1. **YAML Variables**: Where you set default values and (optionally) types.
2. **Databricks Job Parameters**: Passed as notebook widgets (`dbutils.widgets`), which only return strings.

This dual-definition pattern leads to:

- **Duplication**: You repeat parameter names and defaults in multiple places.
- **Type Issues**: Since widget values are strings, you must manually cast them back to their intended types.
- **Limited Defaults**: `dbutils.widgets` has no built-in default mechanism, making it inconvenient for users.

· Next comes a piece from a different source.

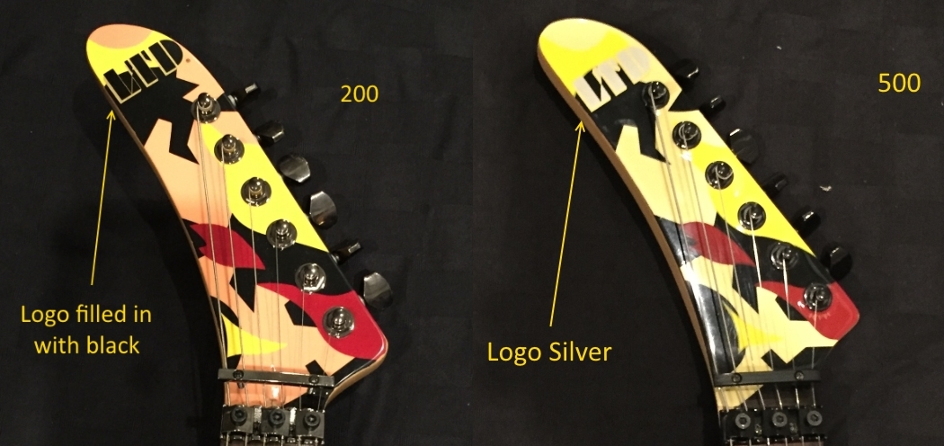 The headstock logo is different. The LTD logo on top of the 500 is silver, the 200 is black with gold outline.

**BetterBundleConfig** solves these challenges by **centralizing configuration** (defining parameters in **one** place: your YAML files), **supporting type resolution**, and **integrating seamlessly** with widgets when necessary.

---

## Table of Contents

- [Table of Contents](#table-of-contents)
- [Key Features](#key-features)
- [How It Works](#how-it-works)
- [Example YAML Configuration](#example-yaml-configuration)
  - [`databricks.yml`](#databricksyml)
  - [`variable.yml`](#variableyml)
- [Primary Usage Example](#primary-usage-example)
- [Local Usage with Databricks CLI](#local-usage-with-databricks-cli)
- [Complex Object Handling](#complex-object-handling)
- [Parameter Retrieval with Widgets](#parameter-retrieval-with-widgets)
- [Additional Examples](#additional-examples)
  - [1. Overriding Variables at Runtime](#1-overriding-variables-at-runtime)
  - [2. Accessing Git and User Data](#2-accessing-git-and-user-data)
  - [3. Printing the Entire Merged Config](#3-printing-the-entire-merged-config)
- [Summary](#summary)

---

## Key Features

- **Single Source of Truth**  
  All parameters reside in your YAML files. No more duplicating them in `dbutils.widgets`.

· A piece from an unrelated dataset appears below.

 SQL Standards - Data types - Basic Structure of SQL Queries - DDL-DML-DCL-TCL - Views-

- **Consistent Type Handling**  
  Variables are automatically cast to their defined types or default values.

- **Widget Integration**  
  Seamlessly retrieve parameters from widgets when running inside a Databricks Job, or fall back to YAML defaults in other environments.

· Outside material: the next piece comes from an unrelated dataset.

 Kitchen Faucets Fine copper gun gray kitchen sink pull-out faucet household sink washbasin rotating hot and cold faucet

- **Complex Object Support**  
  Nested dictionaries and lists (e.g., a full task configuration) can be safely defined in the YAML and resolved at runtime.

- **Git & User Context**  
  Optionally captures Git metadata (branch, commit, origin URL) and current Databricks user info, making these available in your configuration at runtime.

---

## How It Works

**BetterBundleConfig** offers two main ways to build a configuration object:

1. **`build_with_bundle_yml` (Primary)**  
   - Loads one or more YAML files (including any `include` directives).  
   - Merges target-specific configurations (e.g., `dev`, `staging`, `prod`).  
   - Recursively resolves all variable references.  
   - Optionally validates your bundle via `databricks bundle validate` (if local).  
   - Recommended for both **Databricks** and **local** usage.  

2. **`build_with_bundle_cli`**  
   - Uses the Databricks CLI command `databricks bundle validate --output json`.  
   - **Local-only** since Databricks Bundle CLI commands are not available within the Databricks environment.  
   - Not commonly needed if you’re working in Databricks notebooks/jobs.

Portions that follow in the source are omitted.